Definition
Correlation versus causation is the discipline of distinguishing two variables that merely move together from two variables in which one actually drives the other. Correlation is a statistical pattern — when one variable changes, the other tends to change in a predictable way. Causation is a mechanistic claim — change the first variable and the second responds because of that change.
The distinction matters because policy, medicine, and personal decisions usually demand causal knowledge, while the data most readily available supports only correlational claims. Almost every famous statistical scandal — the spurious link between ice-cream sales and drownings, the once-confident reports linking hormone replacement therapy to reduced heart disease, countless economic forecasts — traces back to treating a correlation as if it were a causal relationship.
Why it matters
How it works
When two variables A and B move together, there are at least four explanations to consider.

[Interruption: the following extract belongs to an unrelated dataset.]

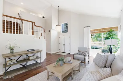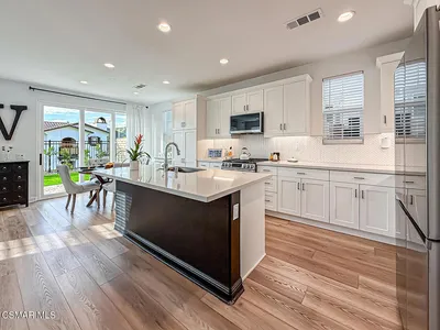 Nestled in the highly sought-after Mission Oaks neighborhood of Camarillo, this beautifully maintained two-story residence offers exceptional curb appeal and a warm, inviting presence from the moment you arrive. Thoughtfully designed, the home features a desirable floor plan with 4 bedrooms and 3.5 bathrooms, including a convenient downstairs bedroom with its own private bath--ideal for guests, multigenerational living, or a private home office. The entry opens to a large, light-filled living room that flows effortlessly into the dining area, creating an elegant space for gatherings and everyday living. The heart of the home is the spacious family room, complete with a cozy fireplace and seamless access to the kitchen. The kitchen itself is generously sized and well-appointed, offering stainless steel appliances, ample cabinetry, and plenty of counter space for cooking and entertaining. A downstairs laundry area and powder bathroom add to the home's functionality and comfort. This home also features distressed wood flooring, crown molding, and large baseboards that elevate the home style with a refined yet welcoming feel. Upstairs, the expansive primary suite serves as a peaceful retreat. The remodeled primary bathroom features modern finishes, dual vanities, and a huge walk-in closet designed for exceptional storage and organization. Two additional upstairs bedrooms include brand-new carpet, and all bathrooms throughout the home have been tastefully updated, ensuring a cohesive and contemporary aesthetic. The serene backyard oasis has meticulously landscaped grounds to create a sense of privacy and tranquility. A new covered patio and inviting sitting area provide the perfect setting for outdoor dining, relaxation, or simply enjoying the stunning views that make this property truly special. Whether hosting friends or savoring quiet moments, the outdoor space is designed to be enjoyed year-round. Located within close proximity to all three highly regarded local schools--Tierra Linda Elementary, Las Colinas Middle School, and Adolfo Camarillo High School--this home offers not only comfort and beauty but also convenience and community. With its thoughtful upgrades, versatile layout, and picturesque surroundings, this Mission Oaks gem is ready to welcome its next chapter.

A may cause B; B may cause A; both may be driven by a third variable, C, that has not been measured; or the apparent pattern may be the product of chance in a small sample. Establishing that A causes B requires evidence that rules out the other three alternatives, not just evidence of co-movement.

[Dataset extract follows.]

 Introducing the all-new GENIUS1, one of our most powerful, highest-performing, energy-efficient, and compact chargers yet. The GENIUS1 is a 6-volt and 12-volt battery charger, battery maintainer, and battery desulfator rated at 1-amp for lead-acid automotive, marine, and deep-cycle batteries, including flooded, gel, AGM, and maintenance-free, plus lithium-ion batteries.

Reverse causation often masquerades as causation. A study showing that successful companies have flat organisational structures cannot tell us whether flatness produced success, success allowed flatness, or both reflect a third trait such as adaptive leadership. Confounding is even more common. Ice-cream sales correlate with drowning rates because hot weather causes both — neither variable drives the other. Chance is the residual category: with enough variables and enough comparisons, some correlations will appear by sampling noise alone, which is why multiple-comparison corrections and replication matter. The serious work of statistics is not finding correlations but earning the right to draw a causal arrow between them.